Making a music career

I did an interview this week with Sean Devers on the Kaieteur News radio station and someone asked about the keys to a career in music and my answer was “business.”  They were surprised and that’s understandable. After all, I am known as this lanky guy with a guitar who has written some popular songs about Caribbean life.  On the surface, that’s true, but if you dig deeper and go past the musical talent, there’s something else in play that is actually just as significant and, in fact, more so, which is that you need a sound business approach. That’s the something else that is part of any successful career in the entertainment business; you have to be an entertainer, obviously, but you also have to be a business man, or woman. So, yes, I am the lanky guy with the guitar and the ability to write songs, but I’m also a businessman. It may sound like a contradiction but it is not. Any time, you see a successful musical career anywhere in the world, business sense is involved, if not in the artist then it is in somebody managing or steering the artist. Of course, this is true not just in entertainment.
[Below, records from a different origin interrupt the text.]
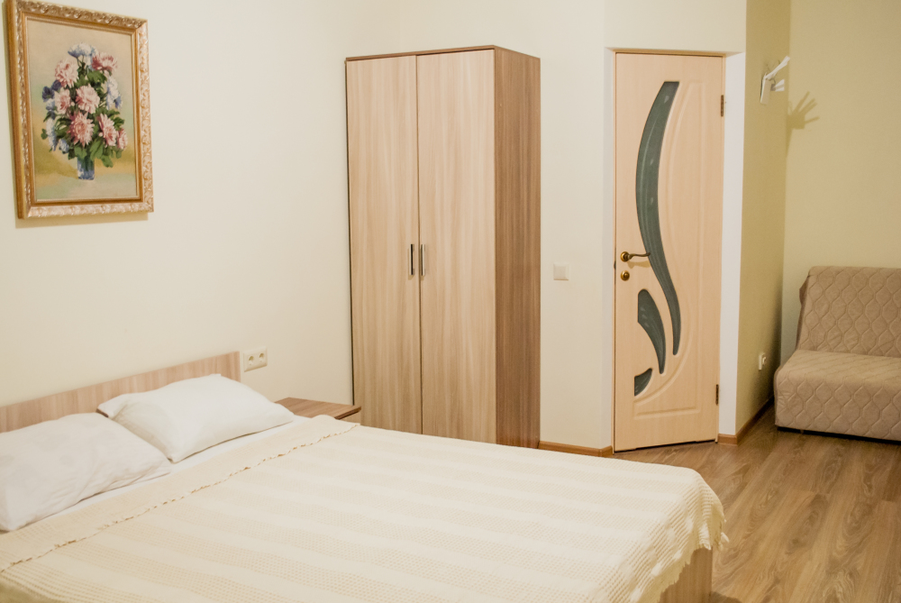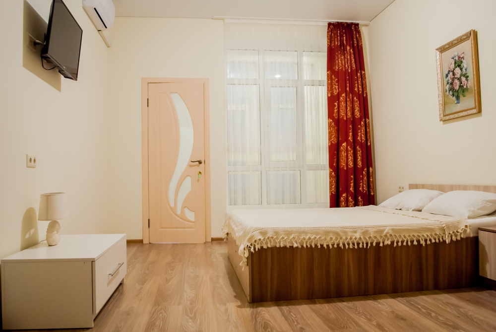 У нас Вам окажут радушный прием, предложат относительно бюджетный вариант отдыха на берегу Черного моря. Номера рассчитаны на семьи с детьми и дружеские компании, предпочитающие спокойный и размеренный отдых. А так же в 15 минутах от апартаментов находится набережная с кафе, ресторанами, живой музыкой, детской развлекательной комнатой, SPA-комплексом, водными аттракционами, ночным клубом «Маяк».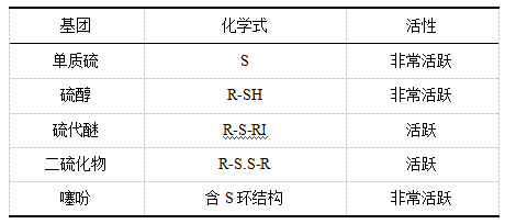 絕緣油中硫的存在形式多種多樣,主要有活性硫和非活性硫,各煉制變壓器油廠家使用的原油中所含有的硫化物分為五大類,如表1所示。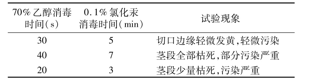 衝洗過的外植體放在已滅菌的濾紙上吸幹水分。以上3組處理材料分別接種在1/2MS培養基上,控製環境條件,培養溫度(25±2)℃,光強1 500~2 000 lx,光照12 h/d。在此條件下培養,觀察其生長狀況。

You can have the greatest product in the world, or the most innovative service approach, but if you don’t have the business paraphernalia surrounding it you’re going to have a difficult time. So, while only a few of you, or perhaps even none of you, do what I do, the business approaches I took would actually be virtually identical to what you do in your businesses.

In any business, there are some fundamentals, almost sign posts, and one of them is you have to know the territory.  That’s true whether it’s Dave Martins selling songs, or New Thriving selling Chinese cuisine, or Shanta selling puri. You have to learn about the market for the product or the service your business will be offering.